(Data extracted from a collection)
○ ○ ○
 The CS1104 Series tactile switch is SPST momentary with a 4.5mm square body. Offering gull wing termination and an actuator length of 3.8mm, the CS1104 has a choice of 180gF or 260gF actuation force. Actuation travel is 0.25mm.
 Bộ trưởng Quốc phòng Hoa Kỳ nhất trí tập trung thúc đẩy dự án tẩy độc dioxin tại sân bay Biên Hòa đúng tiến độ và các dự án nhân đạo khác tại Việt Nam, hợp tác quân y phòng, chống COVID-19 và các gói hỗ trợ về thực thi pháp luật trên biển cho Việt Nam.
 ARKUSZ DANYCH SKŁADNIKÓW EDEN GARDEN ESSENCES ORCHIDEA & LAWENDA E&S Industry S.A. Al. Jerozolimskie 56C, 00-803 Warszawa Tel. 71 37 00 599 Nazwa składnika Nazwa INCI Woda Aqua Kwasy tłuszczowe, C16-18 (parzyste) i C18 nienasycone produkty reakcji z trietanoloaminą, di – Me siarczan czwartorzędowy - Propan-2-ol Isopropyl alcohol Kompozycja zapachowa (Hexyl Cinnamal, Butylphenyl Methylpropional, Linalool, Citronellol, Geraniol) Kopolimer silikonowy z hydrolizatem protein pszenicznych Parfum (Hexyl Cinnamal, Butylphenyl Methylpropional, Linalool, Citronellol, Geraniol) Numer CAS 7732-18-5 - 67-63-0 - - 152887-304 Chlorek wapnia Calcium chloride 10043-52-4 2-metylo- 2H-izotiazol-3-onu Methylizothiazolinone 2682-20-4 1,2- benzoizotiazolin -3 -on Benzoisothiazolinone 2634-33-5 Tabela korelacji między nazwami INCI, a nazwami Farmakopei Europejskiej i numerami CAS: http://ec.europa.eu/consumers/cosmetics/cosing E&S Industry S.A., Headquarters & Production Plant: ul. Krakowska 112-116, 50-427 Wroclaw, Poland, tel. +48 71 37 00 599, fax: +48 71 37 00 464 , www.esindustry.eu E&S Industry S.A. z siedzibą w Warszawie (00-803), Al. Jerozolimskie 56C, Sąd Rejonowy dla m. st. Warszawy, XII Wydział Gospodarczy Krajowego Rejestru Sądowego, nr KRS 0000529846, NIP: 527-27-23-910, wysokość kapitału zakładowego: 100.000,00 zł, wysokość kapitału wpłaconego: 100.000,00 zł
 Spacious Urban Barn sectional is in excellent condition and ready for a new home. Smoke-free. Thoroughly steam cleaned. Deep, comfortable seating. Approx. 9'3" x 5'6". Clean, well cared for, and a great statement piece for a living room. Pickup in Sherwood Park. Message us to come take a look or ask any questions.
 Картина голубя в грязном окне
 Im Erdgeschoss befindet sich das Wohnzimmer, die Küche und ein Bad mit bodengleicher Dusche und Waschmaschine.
○ ○ ○
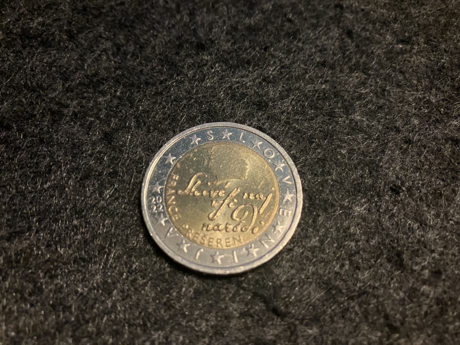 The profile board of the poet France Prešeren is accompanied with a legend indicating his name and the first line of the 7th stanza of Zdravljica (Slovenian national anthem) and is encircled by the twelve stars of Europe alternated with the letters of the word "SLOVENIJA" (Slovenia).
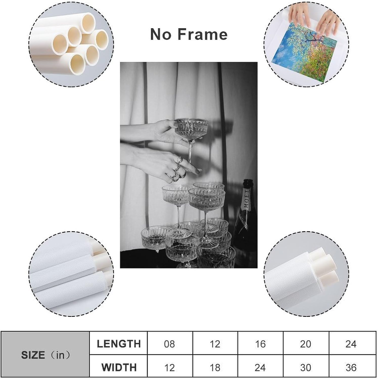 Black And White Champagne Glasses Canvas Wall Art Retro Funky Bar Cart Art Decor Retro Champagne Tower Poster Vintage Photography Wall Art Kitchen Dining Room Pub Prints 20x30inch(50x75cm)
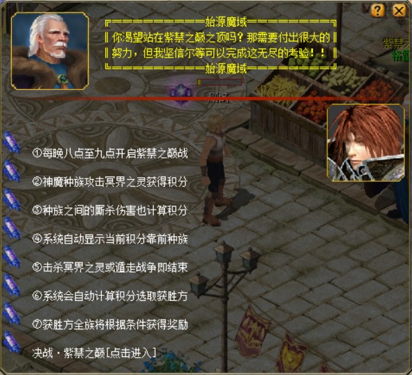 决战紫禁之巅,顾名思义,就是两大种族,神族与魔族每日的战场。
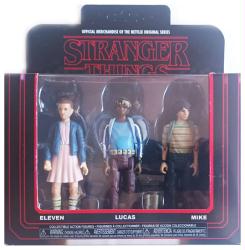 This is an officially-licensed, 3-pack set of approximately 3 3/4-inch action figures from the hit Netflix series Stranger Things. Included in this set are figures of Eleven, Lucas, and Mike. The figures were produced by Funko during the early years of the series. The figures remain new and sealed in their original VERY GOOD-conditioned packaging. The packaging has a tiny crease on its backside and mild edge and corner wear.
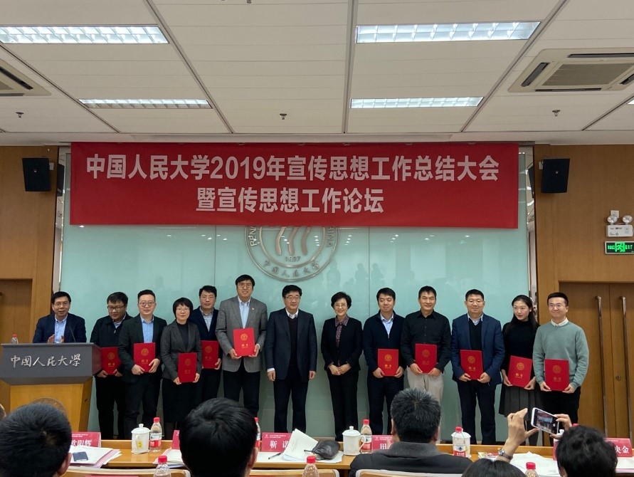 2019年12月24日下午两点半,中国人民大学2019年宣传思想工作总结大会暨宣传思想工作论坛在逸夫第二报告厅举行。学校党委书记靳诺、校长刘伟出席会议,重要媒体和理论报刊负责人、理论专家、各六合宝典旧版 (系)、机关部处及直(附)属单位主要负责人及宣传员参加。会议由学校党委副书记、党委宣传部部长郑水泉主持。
○ ○ ○
> _Exercise prompt_
Only one stretch of the entries above is needed: the lines from the one containing "The profile board" through the one containing "2019年12月24日下午两". Copy it exactly, without the pictures.

> _Written response_
 The profile board of the poet France Prešeren is accompanied with a legend indicating his name and the first line of the 7th stanza of Zdravljica (Slovenian national anthem) and is encircled by the twelve stars of Europe alternated with the letters of the word "SLOVENIJA" (Slovenia).
 Black And White Champagne Glasses Canvas Wall Art Retro Funky Bar Cart Art Decor Retro Champagne Tower Poster Vintage Photography Wall Art Kitchen Dining Room Pub Prints 20x30inch(50x75cm)
 决战紫禁之巅,顾名思义,就是两大种族,神族与魔族每日的战场。
 This is an officially-licensed, 3-pack set of approximately 3 3/4-inch action figures from the hit Netflix series Stranger Things. Included in this set are figures of Eleven, Lucas, and Mike. The figures were produced by Funko during the early years of the series. The figures remain new and sealed in their original VERY GOOD-conditioned packaging. The packaging has a tiny crease on its backside and mild edge and corner wear.
 2019年12月24日下午两点半,中国人民大学2019年宣传思想工作总结大会暨宣传思想工作论坛在逸夫第二报告厅举行。学校党委书记靳诺、校长刘伟出席会议,重要媒体和理论报刊负责人、理论专家、各六合宝典旧版 (系)、机关部处及直(附)属单位主要负责人及宣传员参加。会议由学校党委副书记、党委宣传部部长郑水泉主持。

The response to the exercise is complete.